The authors received no specific funding for this study.
NICE. Irritable bowel syndrome in adults: diagnosis and management. CG61. London: National Institute for Health and Care Excellence; 2008.
NHS Choices. Irritable bowel syndrome (IBS). London: Department of Health; updated 2014.
Francis C, Morris J, Whorwell P. The irritable bowel severity scoring system: a simple method of monitoring irritable bowel syndrome and its progress. Aliment Pharmacol Ther. 1997;11:395-402.
KCL. Information on the low FODMAP diet. Division of Diabetes and Nutritional Sciences, King’s College London. London; 2017.

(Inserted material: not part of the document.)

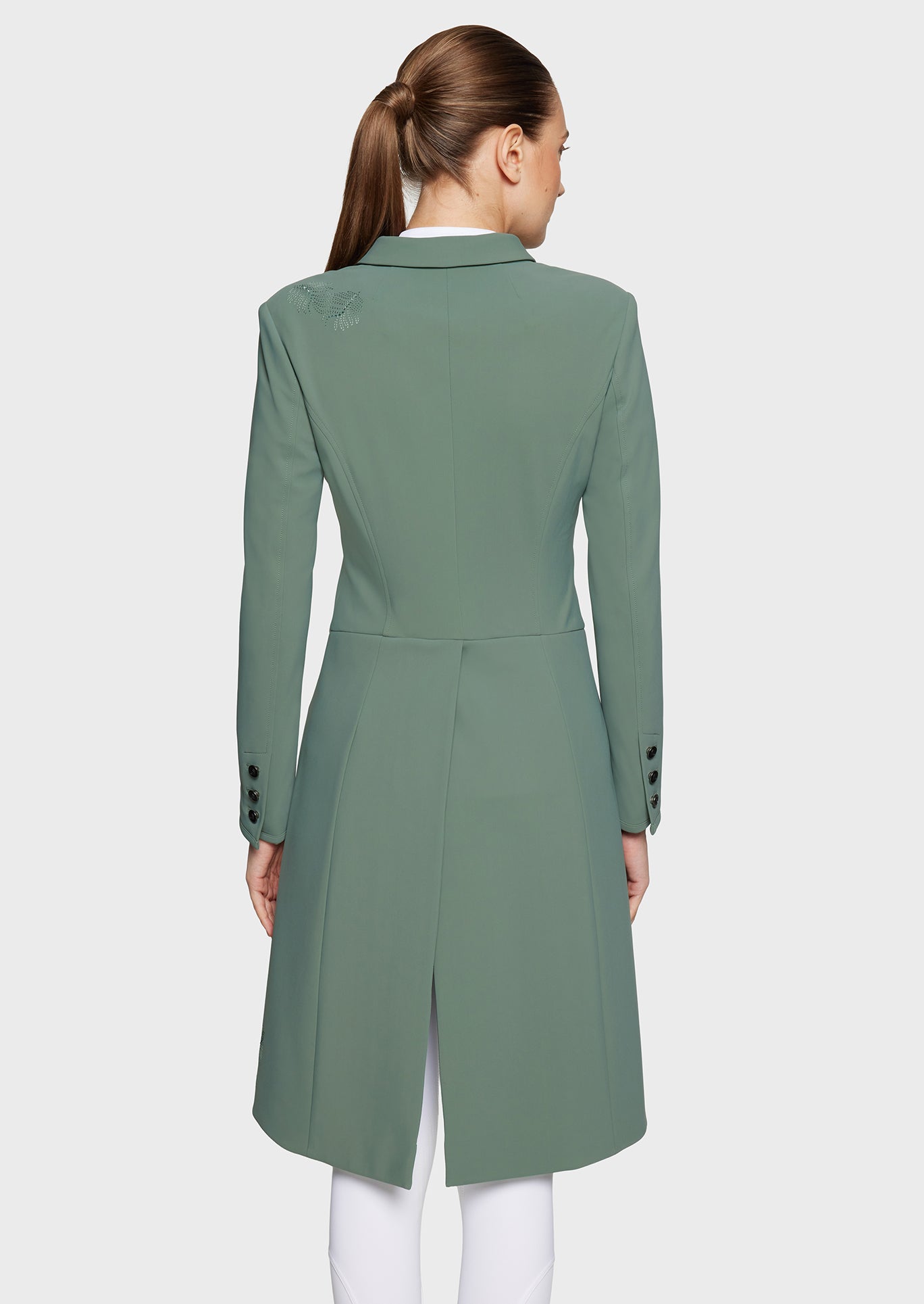 Praktische en technische details maken dit wedstrijdjasje compleet. De compatibiliteit met het Zip’in Airbag systeem zorgt voor extra veiligheid, terwijl de onzichtbare ritssluiting achter de knopen een strakke en elegante afwerking garandeert. Het Samshield-blazoen met Swarovski® kristallen benadrukt het luxe karakter van deze exclusieve frack.

FODMAPs are poorly absorbed carbohydrates which when eaten are fermented by gut bacteria. Trials excluding FODMAPs from the diet in irritable bowel syndrome have been positive, and now many patients are adopting this approach.
As FODMAPs are contained in fruit and vegetables, concerns have been raised about the nutritional effect of these diets, which might also lead to changes in the gut microbiome. This can cause conflict for patients who are pleased to feel a lot better but worry that their diet is less ‘healthy’.
However, in the more severe cases, the benefits probably outweigh any potential disadvantages.
Peter Whorwell, Professor of Medicine & Gastroenterology, University of Manchester
FODMAP stands for fermentable oligosaccharides, disaccharides, monosaccharides and polyols.